IMGCAP(1)]If you’ve ever listened to or watched “The Dave Ramsey Show” or another financial advice program that features people who have turned around their finances, you’ll frequently hear the host ask what prompted the people to make a change. Often, it was a crisis—a lost job or a major health problem, for example.
It is human nature that many of us don’t get a handle on our finances until it is absolutely necessary. Time constraints, unresolved emotional issues or plain financial ignorance are among the issues that can leave people living with their financial problems while wishing they could do better.

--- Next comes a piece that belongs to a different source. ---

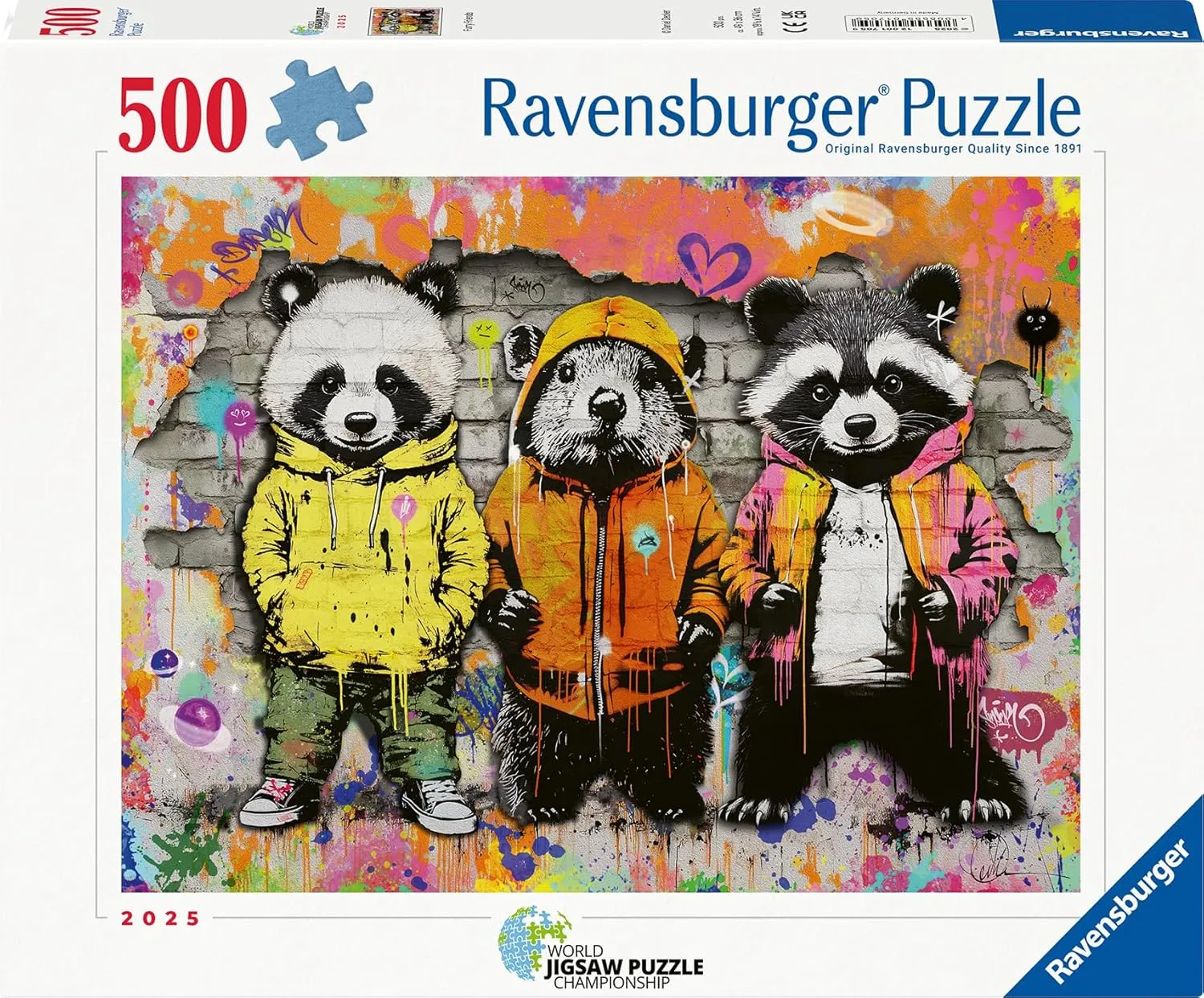 Brighten up your day with this delightful 500-piece jigsaw puzzle, Furry Friends. This playful scene features adorable animals dressed in cozy hoodies, posed in front of a textured wall surrounded by a vibrant splash of colours. Each furry friend adds a touch of warmth and charm to this charming urban mural.

Some of your business clients experience a similar tension, finding it difficult to understand what’s actually going on with their businesses’ finances but wanting to do so. In addition to the issues individuals face when it comes to managing finances, business owners must also balance the need to:
• keep the business running;
• assess how the business is performing; and
• make changes to improve performance.
Waiting until a crisis occurs—such as losing a major customer or having a critical piece of equipment break down—to learn more about cash flow and profitability is not a good option. Business owners need the proactive advice that a trusted professional like their accountant can give, and they need it year round. Now that accounting firms have wrapped up tax season and are looking to other engagements in the year, it’s the ideal time to redouble efforts to be the trusted advisor your business clients want.

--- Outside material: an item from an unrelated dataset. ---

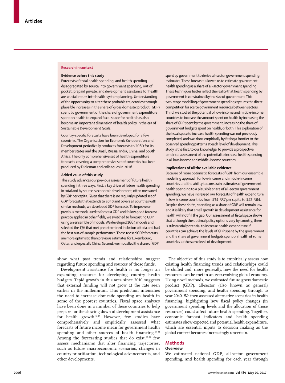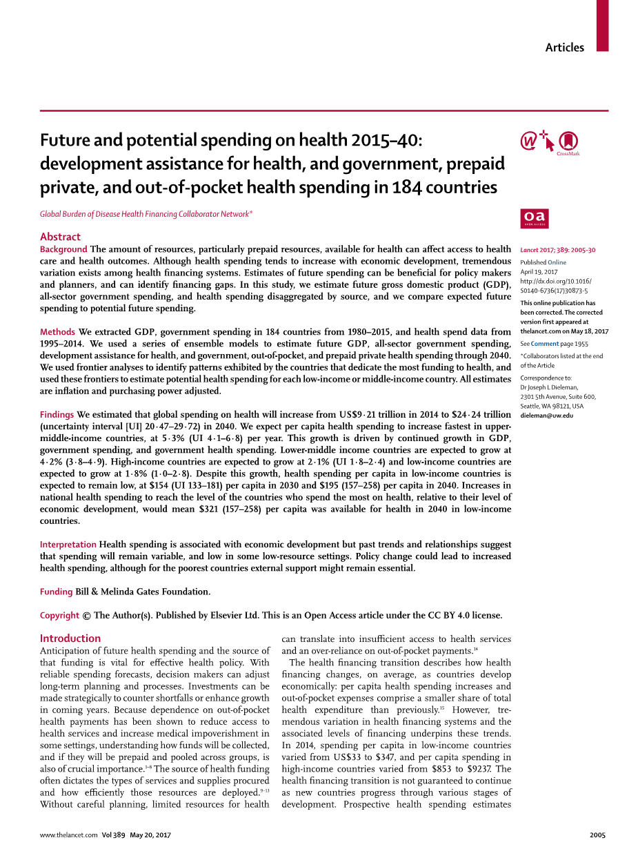 我们估计了在健康方面的全球的开支将会从 US$9 增加·21 兆 2014 到 $24·24 兆 (不确定间隔 [UI]20·47-29·72) 在2040. 我们期待花费在中上-收入国家中增加得最快速的每人健康, 在 5 点·3%(UI 4·1-6·8) 每一年。 这生长被国内生产毛额,政府开支和政府健康开支的继续生长驱使。 比较低-中央收入国家在 4 点被期望生长·2% (3·8-4·9). 高收入国家在 2 点被期望生长·1%(UI 1·8-2·4) 和低收入国家在 1 点被期望生长·8% (1·0-2·8). 不在乎这生长,每人在低收入国家的健康开支被期望保持低, 在 $154(UI 133-181)2030 和 $195 每人 (157-258) 每人在2040. 花费到达把大部分花在健康的国家的水平国家的健康增加,相对于他们的经济发展的程度,会意谓 $321(157-258) 每人在低收入国家中在 2040 年可用来健康。

Using technology in your accounting practice can help you more easily provide this advice. Specifically, there are two key ways that your firm can benefit from the use of technology.
First, technology can streamline processes and save time so that you have more capacity to plan and provide advisory services. For example, using an electronic tax return reader to upload client financial information rather than entering data manually frees up as much as 30 minutes per client, not counting the time saved by eliminating the risk of data entry errors. Additionally, using technology that is integrated with accounting software such as QuickBooks or Xero helps reduce time spent on manual data entry. This capacity can be used in other client-facing ways, such as phone calls or meetings, in order to deepen the client relationship.
Second, technology can help make the numbers more meaningful to your clients. As Sageworks chairman and co-founder Brian Hamilton has said, financial numbers tell a story about almost all areas of a business, but clients often need their accountants to translate those numbers into actionable insights. “Your job is to tell the story of a business by helping your customers understand the financial picture of the business,” he said.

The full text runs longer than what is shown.